De son propre aveu, Isabelle Barbin n’avait aucune prédestination à courir et elle était zéro sportive, même à l’enfance. Cependant, elle était intéressée à tenter le coup. 

«La première course qu’on a faite ensemble, je n’étais pas capable de courir 50 mètres. Amber m’a dit de me fixer un petit but pour courir un kilomètre. Ça m’a pris deux semaines avant de réussir. Par la suite, j’ai pu en courir huit dans une course à Lively (près de Sudbury) à la fin de l’année», raconte-t-elle. 

Pour célébrer ses trois ans de rémission, en juin 2017, Mme Barbin a décidé de faire un demi-marathon (21,1 km) à Niagara Falls afin d’amasser des fonds pour la Société canadienne du cancer. Une épreuve qui a rempli toutes ses attentes. 

«Tout ce que je voulais, c’était de terminer la course en bas de trois heures et de ne pas être la dernière dans ma catégorie. J’ai fini cinquième dernière chez les 35-40 ans et j’ai fait deux heures et 54 minutes. Pour un premier 21 kilomètres, c’est excellent!», s’exclame la coureuse. 

La nouvelle athlète prévoit faire un autre demi-marathon, cette fois-ci dans un environnement hivernal, chez elle à Sudbury, et de courir un 25 km au Conquer The Canuck, à Cambridge près de Toronto, avant de tenter le coup à 50 kilomètres. 

«Je pense que je vais essayer le Haliburton Forest Trail Run parce que ce sont deux boucles de 25 km dans des sentiers pédestres. Ça va être un petit peu plus difficile vu que c’est en forêt. Je me suis dit que ce serait un beau cadeau pour moi avec 50 kilomètres pour mes cinq ans de rémission», mentionne Isabelle Barbin. 

Rester positif 

On dit parfois que la guérison du cancer passe également par l’attitude adoptée par la personne qui en est atteinte. 

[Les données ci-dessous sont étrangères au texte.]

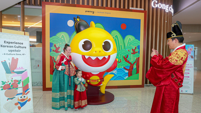 [열린의정뉴스 = 김윤영 기자] 인천국제공항공사가 더핑크퐁컴퍼니와 협업하여 글로벌 인기 캐릭터 핑크퐁과 아기상어를 활용한 환승객 대상 공동마케팅을 시행한다고 19일 밝혔다. 사진은 지난 18일 인천공항 제2여객터미널 면세지역에 위치한 아기상어 오프라인 포토존에서 외국인 가족이 한복체험을 하면서 아기상어와 기념 촬영을 하는 모습. 2022.8.19 [인천공항공사 제공. 재판매 및 DB 금지]

Pour Isabelle Barbin, le positivisme, en plus de ses traitements et de la course, lui a permis de revenir sur les rails et de passer à travers cette épreuve. C’est pour cette raison qu’elle n’a pas voulu intenter de poursuites judiciaires contre l’hôpital à la suite de son cancer, pour avoir la meilleure énergie positive autour d’elle. 

«Avant, je n’étais pas quelqu’un de positif, mais j’ai trouvé que le pouvoir de ton cerveau sur ton corps est énorme. Même dans la vie en général, quand tu te fixes des buts positifs, tout va aller mieux. J’ai coupé les liens avec quelques amis dans le processus parce qu’ils étaient trop pessimistes. J’étais très choyée de pouvoir aller border mes enfants le soir et d’être proche de chez moi. Je voyais des gens qui venaient de Timmins ou de North Bay qui devaient faire plusieurs heures de route et traverser seuls la maladie», souligne Mme Barbin.